Happiness and Joy

Joy is defined in the dictionary as “a feeling of great pleasure and happiness,” but somehow that doesn’t seem to be sufficient. Joy seems to have a deeper meaning. In Luke’s account of the Christmas story, when the angel of the Lord appeared to the shepherds, he didn’t say, “I’ve got good news for you that will make you very happy.” According to the story, the angel said, “Fear not: for, behold, I bring you good tidings of great joy, which shall be to all people.”

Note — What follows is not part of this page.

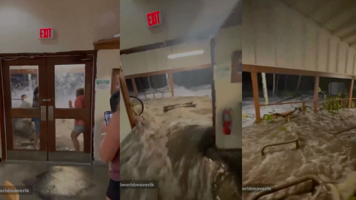 Una ola de 3 a 4 pies rompió las puertas del comedor del Ejército de #EEUU en Roi-Namur el sábado —una isla en el extremo norte del atolón de Kwajalein—, arrasando todo a… pic.twitter.com/i3dqqYcJZn

So if joy is not the same as being very happy, then what is it? How would I know it when I experience it? Maybe music heard during the Christmas season provides a clue. Let’s say I take two boxes of different sizes and label the larger box Joy and the smaller box Happiness. Then I fill up the larger box with carols such as Silent Night, The First Noel, O Come Emmanuel, In the Bleak Midwinter and the smaller box with songs like Frosty the Snowman, Rudolph the Red-Nosed Reindeer, Jingle Bells, Santa Claus is Coming to Town. Both boxes of Christmas music are well known and when we hear strains coming from either, we know it’s Christmas and that’s good.

But have you ever noticed there’s a somber, almost elegiac quality to many of the carols in the box labeled Joy while the songs coming from the box labeled Happiness are mostly light-hearted and jovial?  When Gabriel shared his message to the shepherds, he knew, being an archangel, that the baby asleep in the manger would one day die while hanging from a cross. Still, in spite of knowing the whole story, Gabriel shared “good tidings of great joy” with the shepherds.  The difference between a carol and a song is where the difference between happiness and joy reveals itself.

Happiness wasn’t a large enough box to hold “the whole story” of everything that takes place in the course of a person’s life. Happiness depends on the nature of events at hand. It’s the positive emotions I feel while in pleasurable circumstances. In the moment or moments when I feel happy, life is happening just as I want it to or as I want to remember it.

Joy, on the other hand, is a box big enough to hold the full length and breadth of human experience and all its varied emotions. Joy, unlike happiness, is not based on the transitory nature of pleasurable circumstances. Joy is based upon love and love flows from the source within us that doesn’t depend for its existence on events and situations. Joy comes from believing this is true of love and living as best as we can in accord with that belief.